I ran into more problems trying to run OpenBUGS on a Bayesian spatial regression model today. The problems are laid out pretty simply in the picture above: I ran into an illegal memory write. I know this is not the fault of my model, as it runs smoothly for 50, 500 or 1000 iterations. This illegal memory write happens somewhere between 6000 and 6100 iterations.
This model is a simple version of a larger model I’m building. It has data on about 1800 small areas collected over four time points, with age and sex covariates, with a Poisson distribution for the outcome and an adjacency matrix for the 1800 areas. The data are laid out with the time points and age- and sex-values as separate records, so for one municipality I have 4*6*2=24 observations. I can’t use other packages for this because they assume one observation per municipality (i.e a very simple relationship between data structure and adjacency matrix). So I’m using OpenBUGS or WinBUGS. The ultimate goal is to extend to 30 time points and 18 age categories, with a more complex time and age structure, but I want to get this simple model running first because I’m running into major computational issues.

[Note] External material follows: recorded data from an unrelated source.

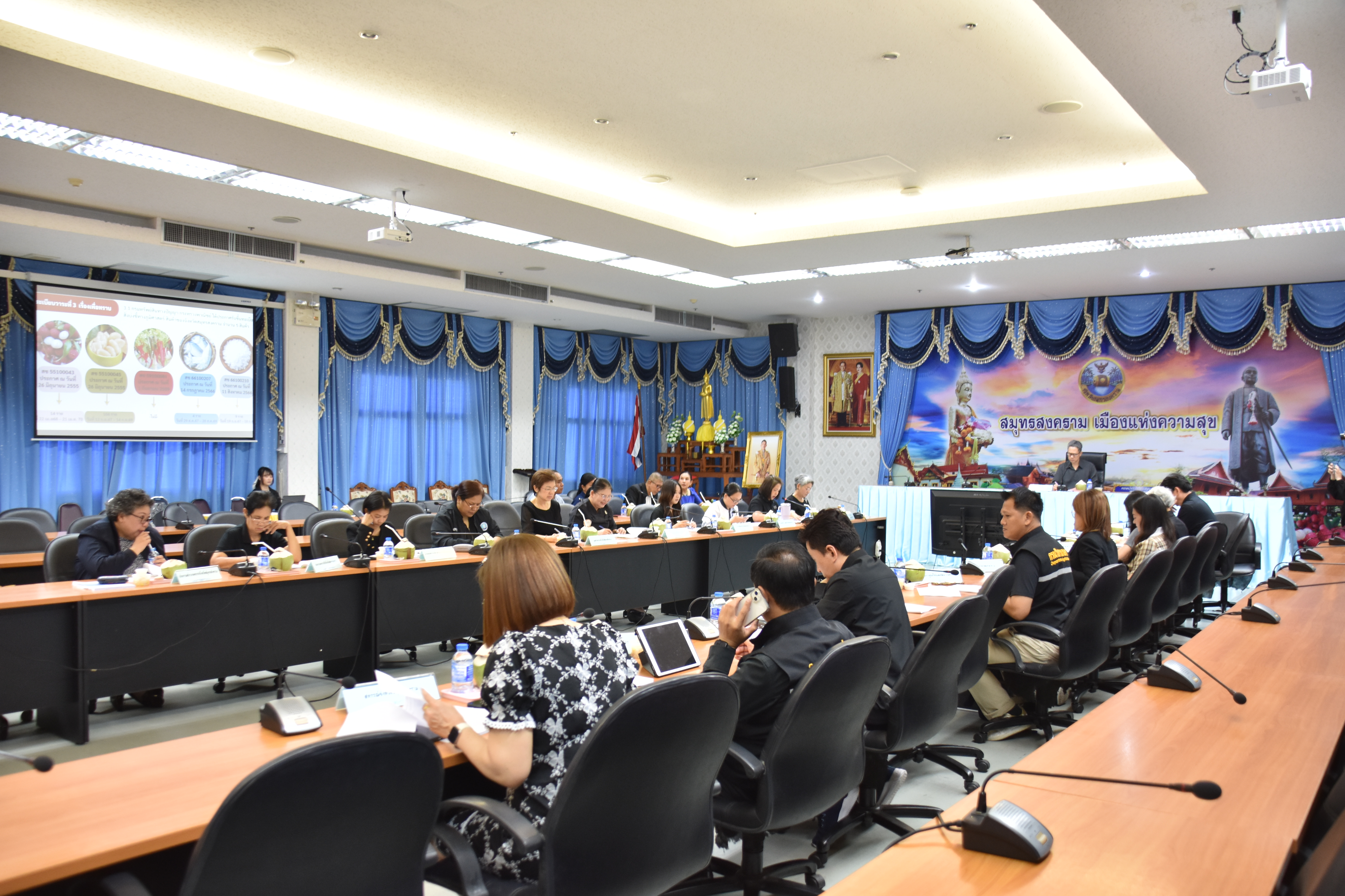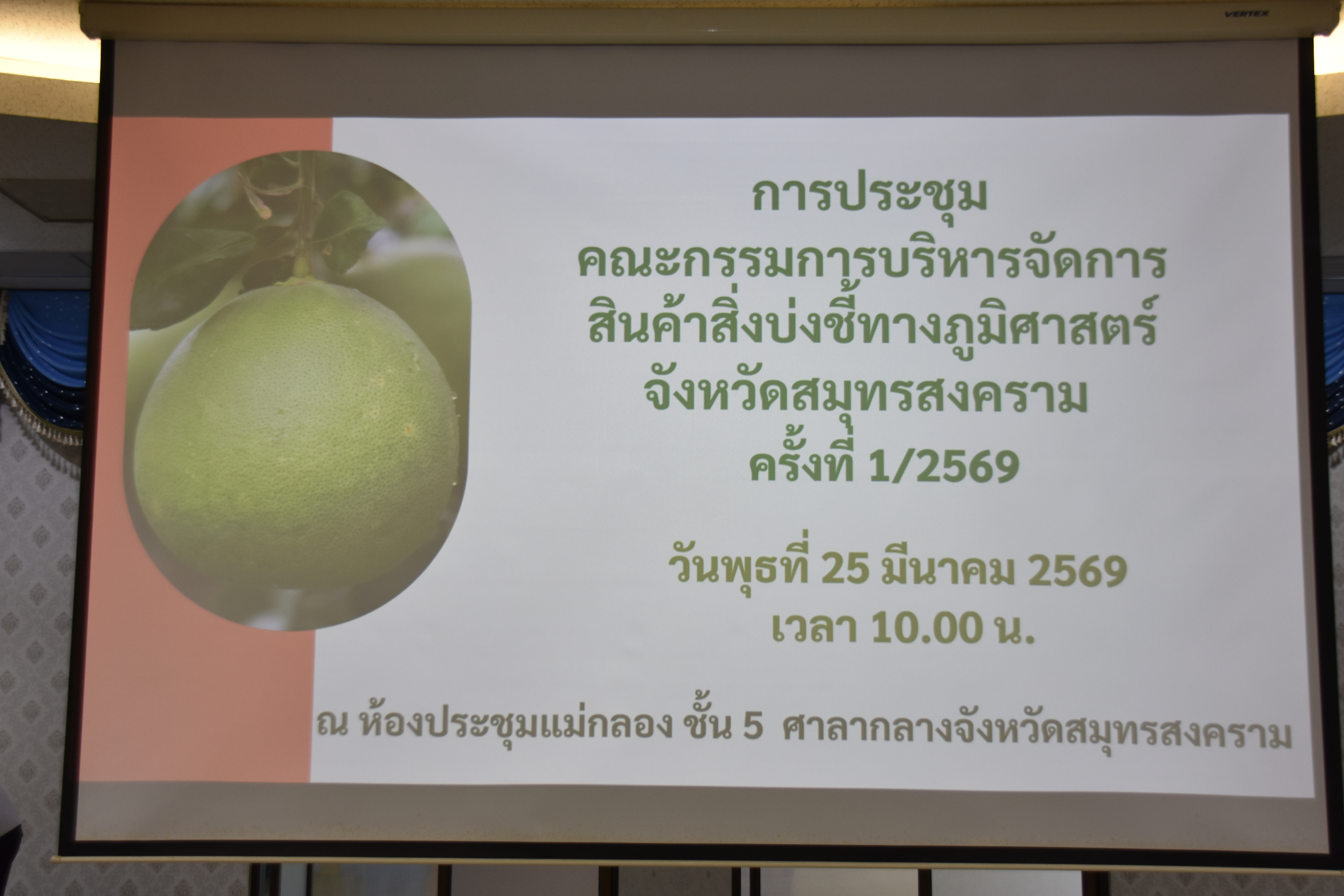นางสาวลัดดาวัลย์ สันติภิญโญเลิศ อุตสาหกรรมจังหวัดสมุทรสงคราม เข้าร่วมประชุมคณะกรรมการบริหารจัดการสินค้าสิ่งบ่งชี้ทางภูมิศาสตร์จังหวัดสมุทรสงคราม ครั้งที่ 1/2569 โดยมี นายรนัสถ์ชัย พุ่มเจริญ รองผู้ว่าราชการจังหวัดสมุทรสงคราม เป็นประธานในการประชุม พร้อมด้วย คณะกรรมการบริหารจัดการสินค้าสิ่งบ่งชี้ทางภูมิศาสตร์ เข้าร่วมการประชุมดังกล่าว เพื่อพิจารณาให้ความเห็นชอบผู้ประกอบการที่สมัครขออนุญาตใช้ตราสัญลักษณ์สิ่งบ่งชี้ทางภูมิศาสตร์ (GI) ไทย สินค้า ส้มโอขาวใหญ่สมุทรสงคราม และพิจารณาการมอบอำนาจให้แก่พาณิชย์จังหวัดสมุทรสงคราม ในการยื่นคำขออนุญาตใช้ตราสัญลักษณ์สิ่งบ่งชี้ทางภูมิศาสตร์ (GI) ไทย ณ ห้องประชุมแม่กลอง ชั้น 5 ศาลากลางจังหวัดสมุทรสงคราม
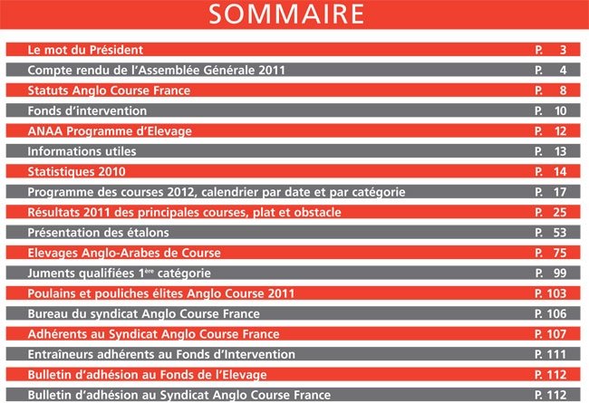 Quelques jours avant le lancement du grand département ELEVAGE / COURSE du site internet www.anglocourse.com, le Syndicat AngloCourse France sort son guide papier pour l'année 2012. Vous pouvez télécharger entièrement ce précieux document, riche et détaillé pour mieux connaître le monde de l'Anglo-Arabie.
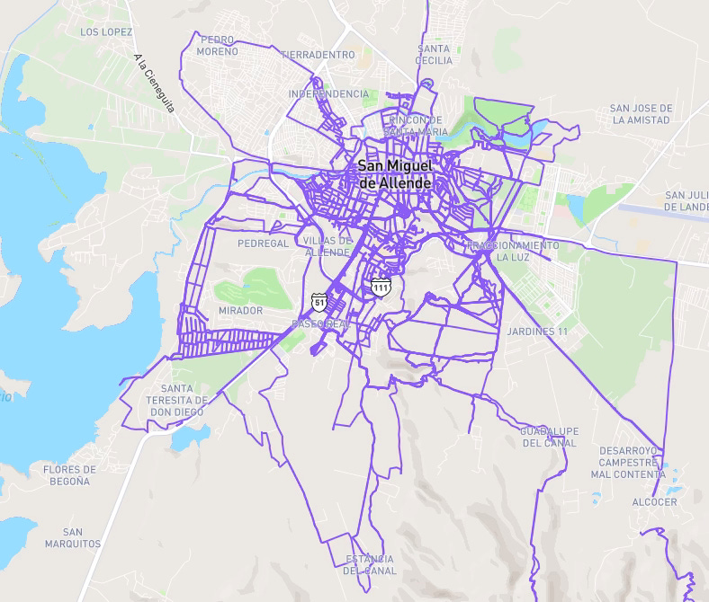 Running every single street in San Miguel de Allende is so much more than a physical challenge. I am out here uncovering history, topography, colonial grids and indigenous desire lines. Plodding my way along dusty, unpaved rights-of-way that the data hasn’t seen fit to record.
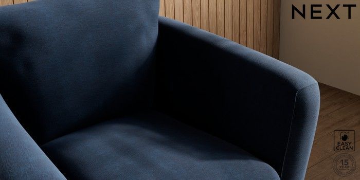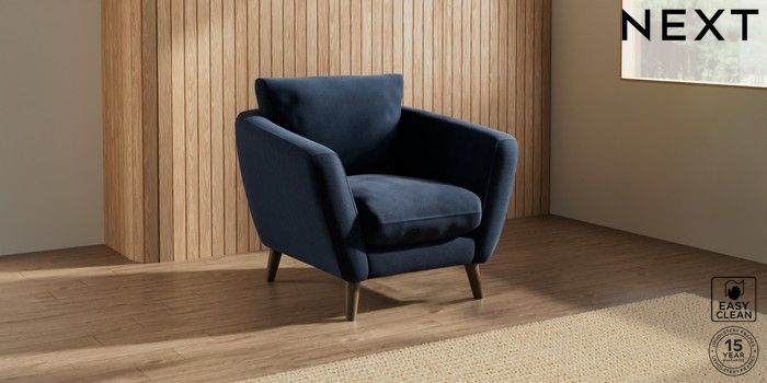 6.12.1 Buy Orlo Relaxed Sit Armchair Fine Chenille Easy Clean Dark Navy Blue Retro Tapered - Mid from the Next UK online shop Click here to use our accessible website
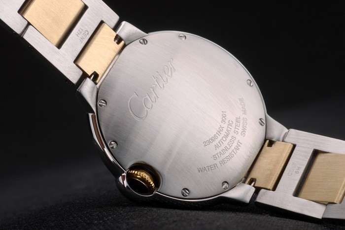 Powrót: szczotkowana stal ze stali nierdzewnej przykręcona z tyłu z grawerami Cartier
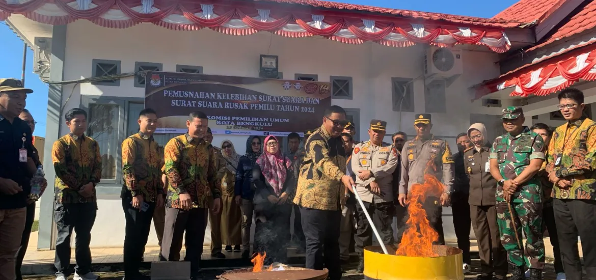Pemusnahan surat suara tersebut dilakukan oleh PJ Walikota, Ketua KPU, Kapolresta, dan unsur terkait lainya di halaman KPU Kota Bengkulu pada Selasa (13/02/2024).
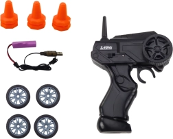 Deux types de roues sont inclus : à bande de roulement pour une meilleure adhérence, et roues lisses pour un drift spectaculaire. Créez votre propre piste à l’aide des cônes fournis et entraînez-vous aux virages et au slalom. La voiture est alimentée par une batterie 3,7 V (incluse), la télécommande nécessite 2× AA (non incluses).

Today I identified that these computational issues can’t be solved. The reason for the illegal memory write is that OpenBUGS has a 1.6Gb RAM limit. People say this but it’s hard to confirm; however, in digging through critiques of BUGS I discovered it is written in Component Pascal and compiled in BlackBox, and a bit more digging reveals BlackBox has a 1.6Gb RAM limit.
This is frankly ridiculous. It’s understandable that there would be a RAM limit in a 32-bit system, but OpenBUGS has been around for about 9 years now and no one has upgraded it to handle either multi-core computers or 64 bit architecture. Given that OpenBUGS is designed to handle complex, processor-demanding simulation-heavy Bayesian models, the decision to write it in such a restrictive framework is ridiculous. I’m a strong critic of open source systems but if it had been written for R it would at least be able to use the 64-bit architecture, even though R has been late to the multi-core party. I bought a PC with 128 Gb of RAM specifically for this big project, and I might as well have bought a laptop with the minimum RAM. For the model I ultimately aim to build I expect I will need about 100,000 iterations to get stability, which means that OpenBUGS will never get there. The only way to run this model without a workaround is to either 1) write the full adjacency matrix by hand and implement it directly [something I am considering] or 2) recompile the source code (which I think might not be available) in a different Pascal compiler. I have no idea how to even start with that.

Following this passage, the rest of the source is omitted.